Starting at the top of the entries below, write out each line up to and including the one containing "Из протоколов заседаний". Leave the pictures out.

____ Supplied material

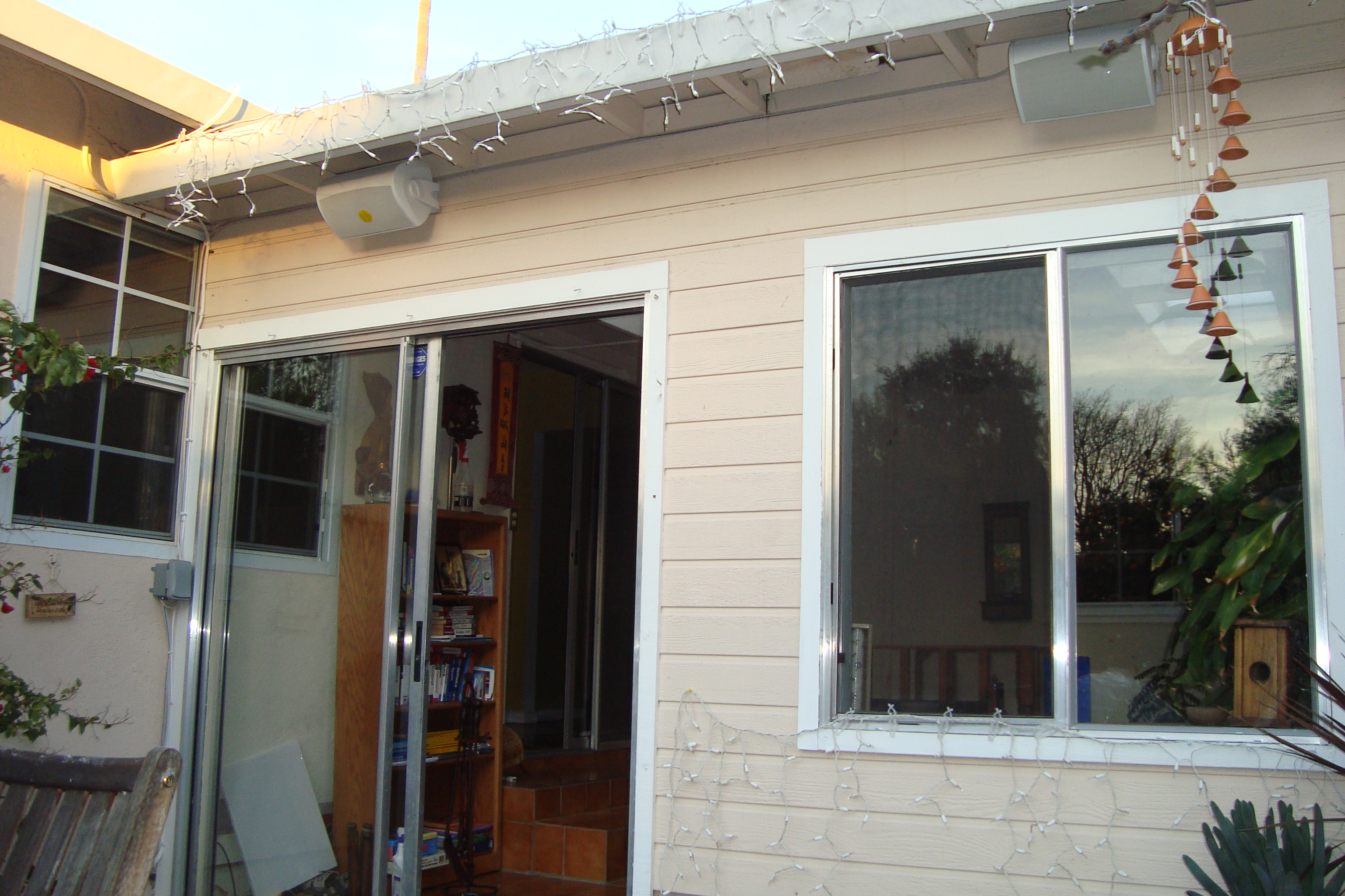 The finished wall plate is shown on bottom, with distributed audio showing on left side (the 4 terminal jacks) that will power six pairs of speakers in other rooms throughout the home. An AV Reciever’s second zone will distribute the audio to each set of speakers through a local volume control, which will allow each set of speakers volume to be turned up or completely down in each individual room.
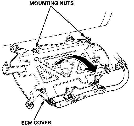3. Remove the ECM cover mounting nuts and turn the Transmission Control Module (TCM) over.
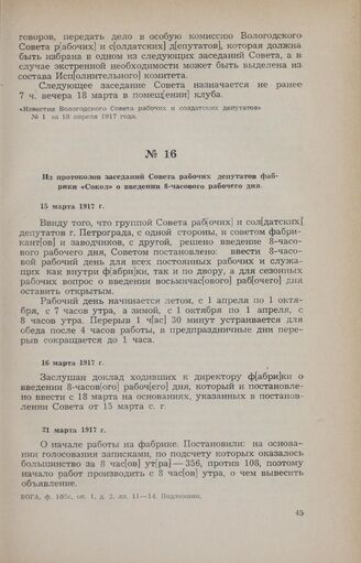 Из протоколов заседаний Совета рабочих депутатов фабрики «Сокол» о введении 8-часового рабочего дня. 15 марта 1917 г. // ВОГА. ф. 105с, oп. 1, д. 2, лл. 11 — 14. Подлинник.
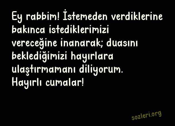 Ey rabbim! İstemeden verdiklerine bakınca istediklerimizi vereceğine inanarak; duasını beklediğimizi hayırlara ulaştırmamanı diliyorum. Hayırlı cumalar! ( Whatsapp Cuma )
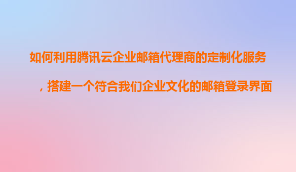 2025-11-05如何利用騰訊云企業郵箱代理商的定制化服務,搭建符合企業文化的郵箱登錄界面 一、騰訊云企業郵箱的定制化服務優勢解析 騰訊云企業郵箱作為國內領先的企業級郵箱解決方案,其代理商提供的定制化服務具備以...
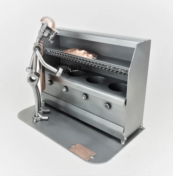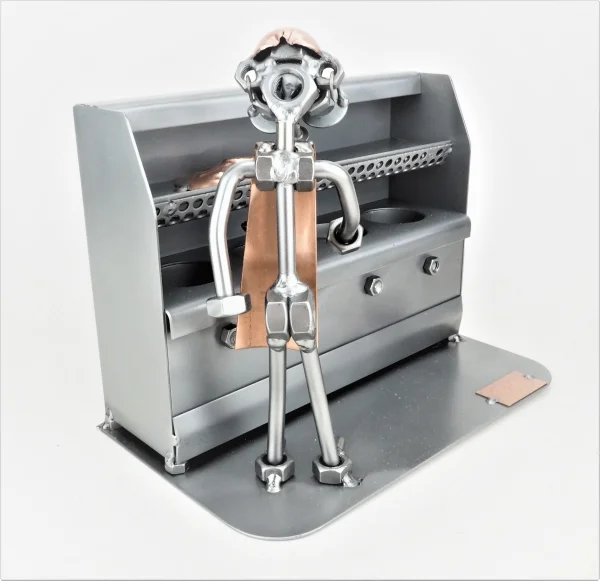 De metalen bouten en moeren beeldjes, ook wel moerenmannetjes genoemd, zijn gemaakt in originele Steelman24 kwaliteit, uitvoerig en zorgvuldig handgemaakt. Als gevolg van deze afwerking is elk afzonderlijk metalenbeeldje uniek en voldoet aan de hoogste kwaliteitsnormen. Hierdoor kunnen de beeldjes soms iets afwijken van de productfoto. Deze kleine stukjes van kunst die bestaan uit schroeven, moeren, bouten, metaal en koper worden geproduceerd met een hoog niveau van vakmanschap en een oog voor detail, in een intensief en ingewikkeld productieproces. Op hetzelfde moment zijn ze niet alleen gekenmerkt door hun buitengewone creativiteit, maar ook door unieke aandacht voor detail.
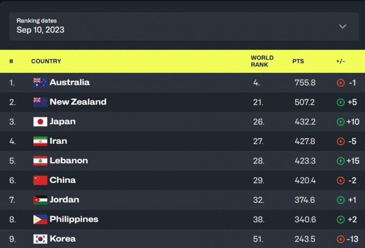接著,你還要看看對手的世界排名,據此加上第三個項,公式為1.5*(世界排名平均數-對手排名),這蘊含著擊敗越強對手獲益越多、輸給越弱對手懲罰越重的理念。2023年狀態強勁的拉脫維亞,曾短期內連續掀翻西班牙、法國、希臘在內的多支排名高于自己的強隊,世界杯正賽上更是大勝巴西立陶宛喜提第五,藉此排名從29名暴漲到前八。

________

**Your response:**
 The finished wall plate is shown on bottom, with distributed audio showing on left side (the 4 terminal jacks) that will power six pairs of speakers in other rooms throughout the home. An AV Reciever’s second zone will distribute the audio to each set of speakers through a local volume control, which will allow each set of speakers volume to be turned up or completely down in each individual room.
3. Remove the ECM cover mounting nuts and turn the Transmission Control Module (TCM) over.
 Из протоколов заседаний Совета рабочих депутатов фабрики «Сокол» о введении 8-часового рабочего дня. 15 марта 1917 г. // ВОГА. ф. 105с, oп. 1, д. 2, лл. 11 — 14. Подлинник.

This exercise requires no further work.